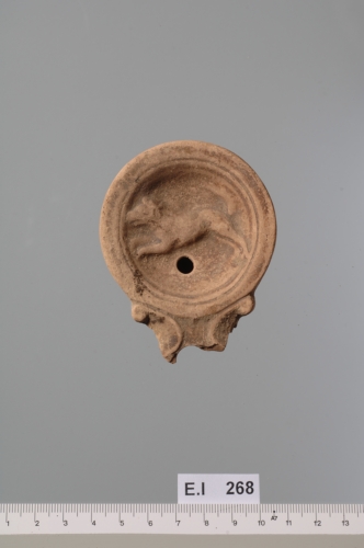 L'esemplare, privo di parte del becco, presenta un serbatoio a forma di tronco di cono rovesciato e una spalla decorata da due circonferenze incise e due cordoli di dimensioni diverse (IVa). Il disco concavo è decorato da un cane in corsa verso sinistra. L'animale, dalle forme pesanti è reso in modo sommario e con particolari ottenuti con un rapido ritocco. Due solchi sul collo fanno pensare ad un cane con collare. Sotto l'animale, leggermente decentrato a sinistra, è praticato l'infundibulum. La base piatta è delimitata da una circonferenza incisa.Corpo ceramico depurato arancio chiaro con tracce di vernice rosso-bruno scura.
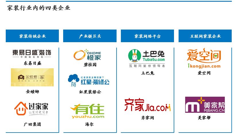 第二类是涵盖装修产业链上下游的,如涉及开发商、建材商、中介公司、家电公司等企业,这些产业链巨头也纷纷利用各自的优势成立了装修公司进入家装市场。如海尔集团旗下的互联网家装品牌——有住;房地产巨头碧桂园旗下的互联网家装品牌——橙家。
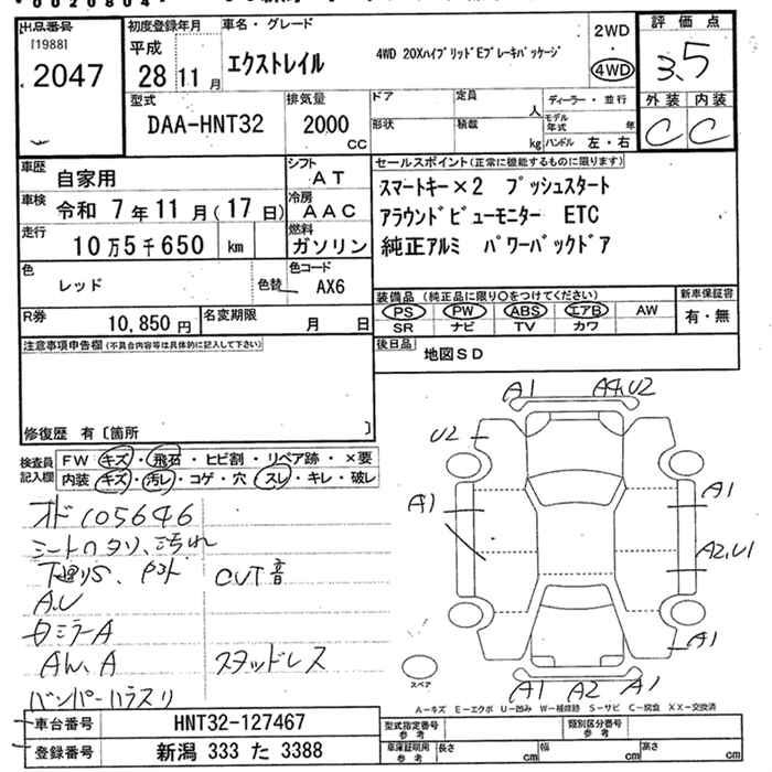 NISSAN X-TRAIL 4WD 20X hybrid E тормоз package - лот 2047
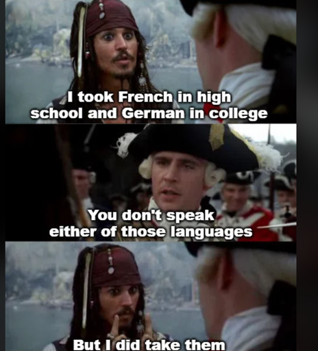 Most people who take a language in school don’t keep at it. We’re just doing it because it’s required, and to pass the class. I took French in high school. The only person I’ve ever met who spoke French fluently was my teacher. I really should have taken Spanish, but I wanted to be “different”.
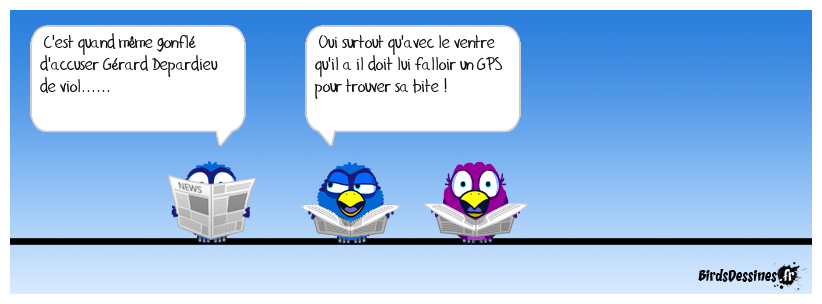 Case 1:Bird 1: C'est quand même gonflé d'accuser Gérard Depardieu de viol...... | Case 2: Bird 1: Oui surtout qu'avec le ventre qu'il a il doit lui falloir un GPS pour trouver sa bite ! | Case 3:
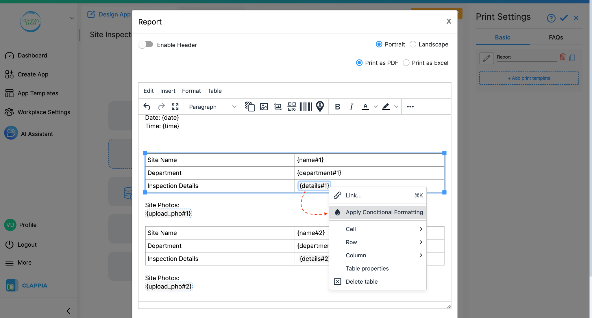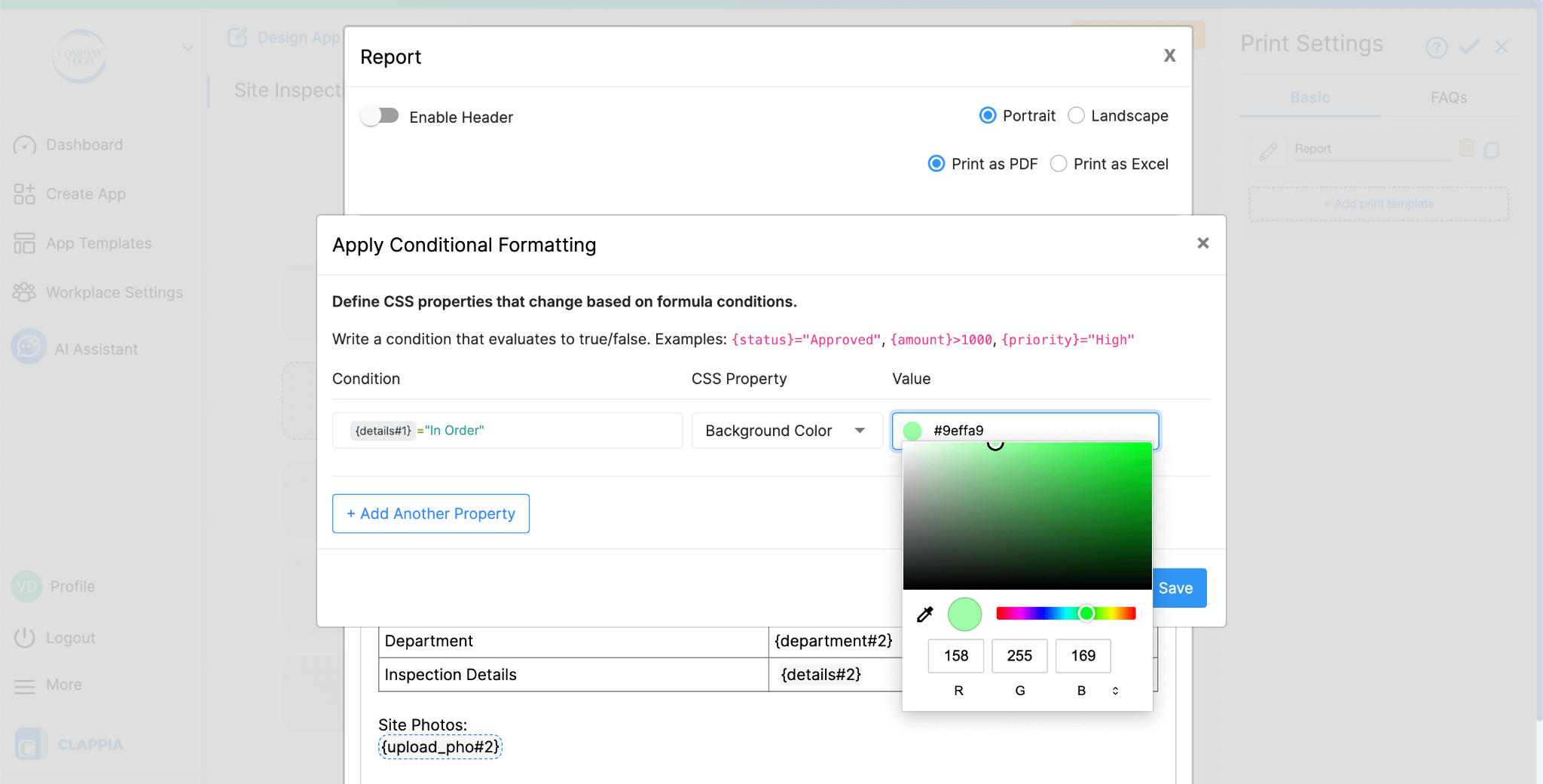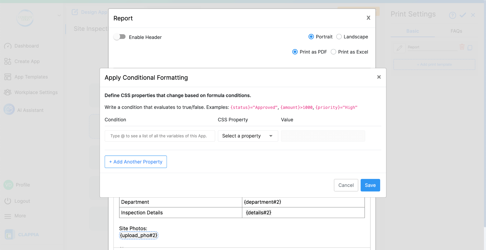 You can now apply conditional formatting to any text inside the Print Template. This allows you to change how specific text appears in your PDFs, or hide it completely, based on conditions using field variables and formulas.

------

AIM OF THE TASK -
All of the lines above should be copied exactly, apart from the pictures.

YOUR RESPONSE -
 L'esemplare, privo di parte del becco, presenta un serbatoio a forma di tronco di cono rovesciato e una spalla decorata da due circonferenze incise e due cordoli di dimensioni diverse (IVa). Il disco concavo è decorato da un cane in corsa verso sinistra. L'animale, dalle forme pesanti è reso in modo sommario e con particolari ottenuti con un rapido ritocco. Due solchi sul collo fanno pensare ad un cane con collare. Sotto l'animale, leggermente decentrato a sinistra, è praticato l'infundibulum. La base piatta è delimitata da una circonferenza incisa.Corpo ceramico depurato arancio chiaro con tracce di vernice rosso-bruno scura.
 第二类是涵盖装修产业链上下游的,如涉及开发商、建材商、中介公司、家电公司等企业,这些产业链巨头也纷纷利用各自的优势成立了装修公司进入家装市场。如海尔集团旗下的互联网家装品牌——有住;房地产巨头碧桂园旗下的互联网家装品牌——橙家。
 NISSAN X-TRAIL 4WD 20X hybrid E тормоз package - лот 2047
 Most people who take a language in school don’t keep at it. We’re just doing it because it’s required, and to pass the class. I took French in high school. The only person I’ve ever met who spoke French fluently was my teacher. I really should have taken Spanish, but I wanted to be “different”.
 Case 1:Bird 1: C'est quand même gonflé d'accuser Gérard Depardieu de viol...... | Case 2: Bird 1: Oui surtout qu'avec le ventre qu'il a il doit lui falloir un GPS pour trouver sa bite ! | Case 3:
 You can now apply conditional formatting to any text inside the Print Template. This allows you to change how specific text appears in your PDFs, or hide it completely, based on conditions using field variables and formulas.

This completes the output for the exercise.